▶ _PROBLEM DETAILS_:
Below this line are records; transcribe exactly the lines between the one holding "En las instituciones" and the one holding "Ouverte 24h/24, cette", inclusive, and omit the pictures.
-------- DATA SUPPLIED --------
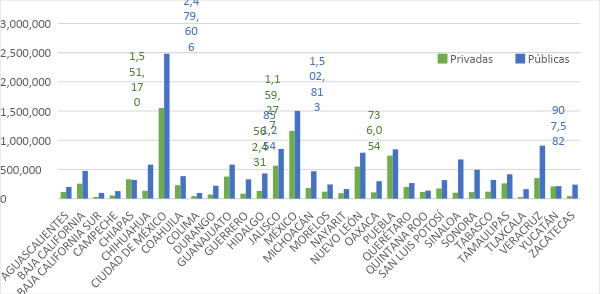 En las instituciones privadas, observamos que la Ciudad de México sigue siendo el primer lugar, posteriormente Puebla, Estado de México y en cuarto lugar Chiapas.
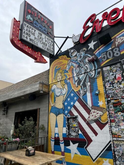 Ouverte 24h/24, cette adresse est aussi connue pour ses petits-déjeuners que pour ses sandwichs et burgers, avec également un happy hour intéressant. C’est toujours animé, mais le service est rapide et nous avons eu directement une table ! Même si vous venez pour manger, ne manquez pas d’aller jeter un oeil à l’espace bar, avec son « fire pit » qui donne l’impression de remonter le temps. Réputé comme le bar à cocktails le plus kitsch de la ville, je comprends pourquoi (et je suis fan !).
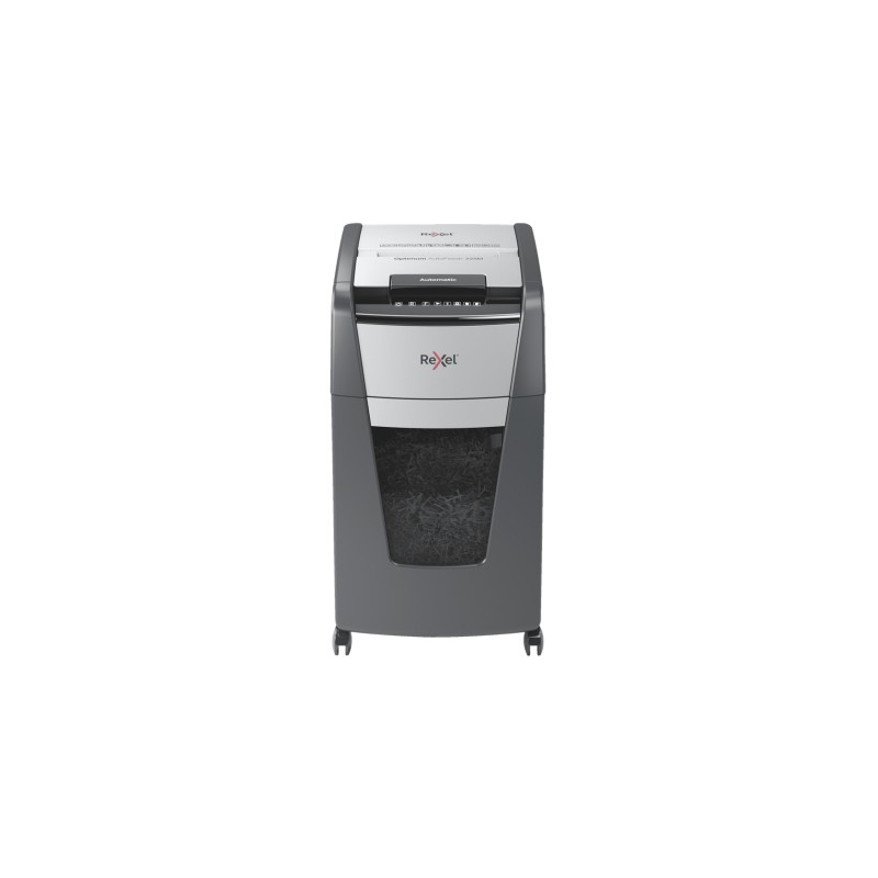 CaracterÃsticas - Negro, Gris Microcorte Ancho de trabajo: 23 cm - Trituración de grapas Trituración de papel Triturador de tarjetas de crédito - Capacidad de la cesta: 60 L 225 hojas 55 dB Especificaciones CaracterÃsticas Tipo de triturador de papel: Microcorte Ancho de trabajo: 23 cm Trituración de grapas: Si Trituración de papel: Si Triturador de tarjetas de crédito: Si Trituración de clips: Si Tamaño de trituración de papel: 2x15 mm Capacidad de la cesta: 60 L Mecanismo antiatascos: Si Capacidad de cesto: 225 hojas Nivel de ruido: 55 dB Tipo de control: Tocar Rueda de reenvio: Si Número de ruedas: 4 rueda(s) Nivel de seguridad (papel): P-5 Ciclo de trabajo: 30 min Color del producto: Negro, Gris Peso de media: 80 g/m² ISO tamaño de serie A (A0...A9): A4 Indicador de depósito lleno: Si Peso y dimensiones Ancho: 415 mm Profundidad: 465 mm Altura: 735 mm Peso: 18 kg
--------
-------- DATA SUPPLIED --------
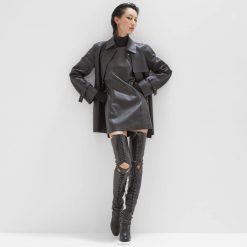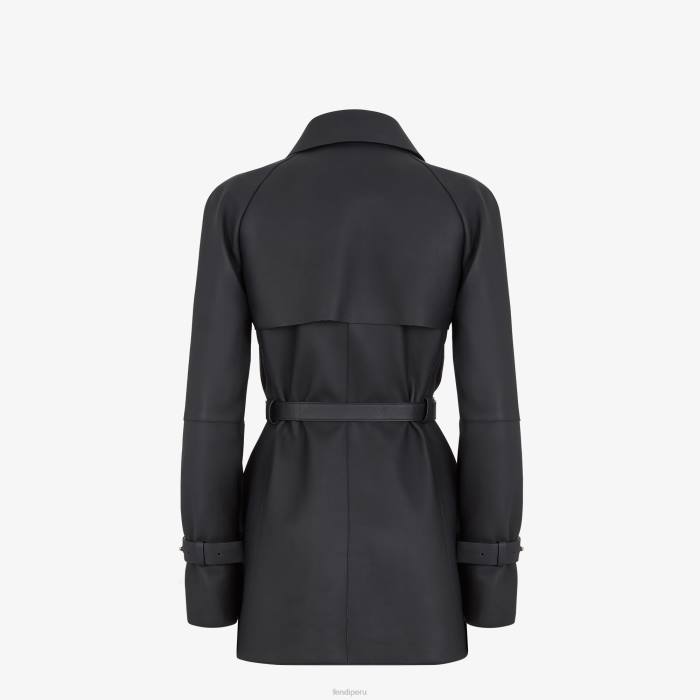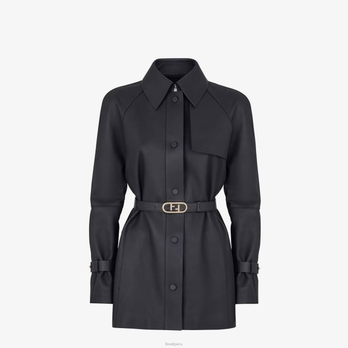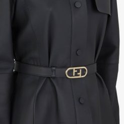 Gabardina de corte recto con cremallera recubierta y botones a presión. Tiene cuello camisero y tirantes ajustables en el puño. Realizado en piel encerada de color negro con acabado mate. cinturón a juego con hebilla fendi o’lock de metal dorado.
--------
▶ _ANSWER BOX_:
 En las instituciones privadas, observamos que la Ciudad de México sigue siendo el primer lugar, posteriormente Puebla, Estado de México y en cuarto lugar Chiapas.
 Ouverte 24h/24, cette adresse est aussi connue pour ses petits-déjeuners que pour ses sandwichs et burgers, avec également un happy hour intéressant. C’est toujours animé, mais le service est rapide et nous avons eu directement une table ! Même si vous venez pour manger, ne manquez pas d’aller jeter un oeil à l’espace bar, avec son « fire pit » qui donne l’impression de remonter le temps. Réputé comme le bar à cocktails le plus kitsch de la ville, je comprends pourquoi (et je suis fan !).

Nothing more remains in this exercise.